The RT-RPA amplification system of the method and step 3 of influenza B virus and influenza A virus is detected simultaneously
RT-RPA amplification system (25 μ L): taking the 29.5 μ l of buffer in TwistAmp nfo Kit, and one pipe RPA of dissolution is dry
Powder is then distributed into two pipes, every 14.75 μ L of pipe.A type and B-mode RPA primer and probe are sequentially added in 0.2mL centrifuge tube,
The aforementioned 14.75 μ L of buffer, template cDNA is 2 μ L, and after mixing, MgAc (280mM) 1.25 μ L is added.Centrifuge tube is set
It after being incubated for a period of time under certain temperature, mixes, a period of time is then reacted under certain temperature.Take 5 μ L that 70 μ L PBST are added
In, using nucleic acid immunization Sidestream chromatography test paper, (antibody concentration is followed successively by B-BSA:50ng/strip, Anti-DIG:250ng/
Strip, Anti-FITC:50ng/strip) it is analyzed, testing result is recorded after 15min.

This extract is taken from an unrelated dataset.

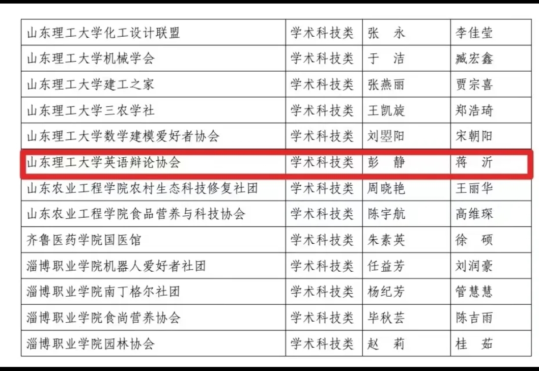 根据《乐鱼网页版开展 2023 年度淄博市“百佳高校学生社团”寻访活动的通知》要求,拟确定山东理工大学研究生时政宣讲团等100 个社团为2023年度淄博市“百佳高校学生社团”,其中我院英语辩论协会荣列其中!

RT-RPA amplification system reaction temperature, reaction time, the experiment of primer and probe concentration optimization
The final concentration of 100nM of the influenza A primers being added in above-mentioned amplification system, influenza A probe SEQ
The final concentration of 40nM of ID NO.1, the final concentration of 100nM of influenza B virus primer, influenza B virus probe are final concentration of
40nM.Different incubation temperatures is set, successively are as follows: 20,35,37,39,41,45,50 DEG C, reaction time 20min.5 μ L are taken to expand
Increase production object, 70PBST solution is added, nucleic acid Sidestream chromatography test paper measures 15min, records result such as Fig. 4 A.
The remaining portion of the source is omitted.